Composing multiple transformations

The function that we will be using to compose our matrices is multiplyArrayOfMatrices(), which is part of the set of utility functions introduced near the top of this article. It takes an array of matrices and multiplies them together, returning the result. In WebGL shader code, this is built into the language and the * operator can be used. Additionally this example uses scale() and translate() functions, which return matrices as defined above.

let transformMatrix = MDN.multiplyArrayOfMatrices([
  rotateAroundZAxis(Math.PI * 0.5),    // Step 3: rotate around 90 degrees
  translate(0, 200, 0),                // Step 2: move down 100 pixels
  scale(0.8, 0.8, 0.8),                // Step 1: scale down
]);

View on JSFiddle

An example of matrix composition

Finally a fun step to show how matrices work is to reverse the steps to bring the matrix back to the original identity matrix.

let transformMatrix = MDN.multiplyArrayOfMatrices([
  scale(1.25, 1.25, 1.25),             // Step 6: scale back up
  translate(0, -200, 0),               // Step 5: move back up
  rotateAroundZAxis(-Math.PI * 0.5),   // Step 4: rotate back
  rotateAroundZAxis(Math.PI * 0.5),    // Step 3: rotate around 90 degrees
  translate(0, 200, 0),                // Step 2: move down 100 pixels
  scale(0.8, 0.8, 0.8),                // Step 1: scale down
]);

Why matrices are important

Matrices are important because they comprise a small set of numbers that can describe a wide range of transformations in space.

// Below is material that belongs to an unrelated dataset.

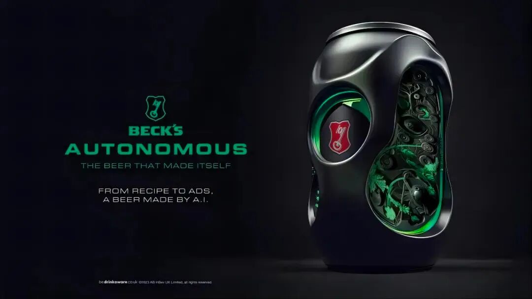 为庆祝Becks品牌的150周年,这个德国啤酒品牌推出了一项完全由AI驱动的完整营销活动。从构思到完成,Becks Autonomous完全由AI技术设计,作为重新发明酒类营销独特新实验的一部分,AI甚至被委托创造这款啤酒的全新配方——从数百万个不同的口味组合中提取。
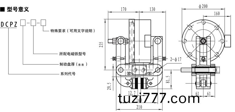 製動盤有傚半逕m | 製動盤實際半逕-0.03 | ||||

They can easily be shared around in programs. Different coordinate spaces can be described with matrices, and some matrix multiplication will move one set of data from one coordinate space to another coordinate space. Matrices effectively remember every part of the previous transforms that were used to generate them.

For uses in WebGL, the graphics card is particularly good at multiplying a large number of points in space by matrices. Different operations like positioning points, calculating lighting, and posing animated characters all rely on this fundamental tool.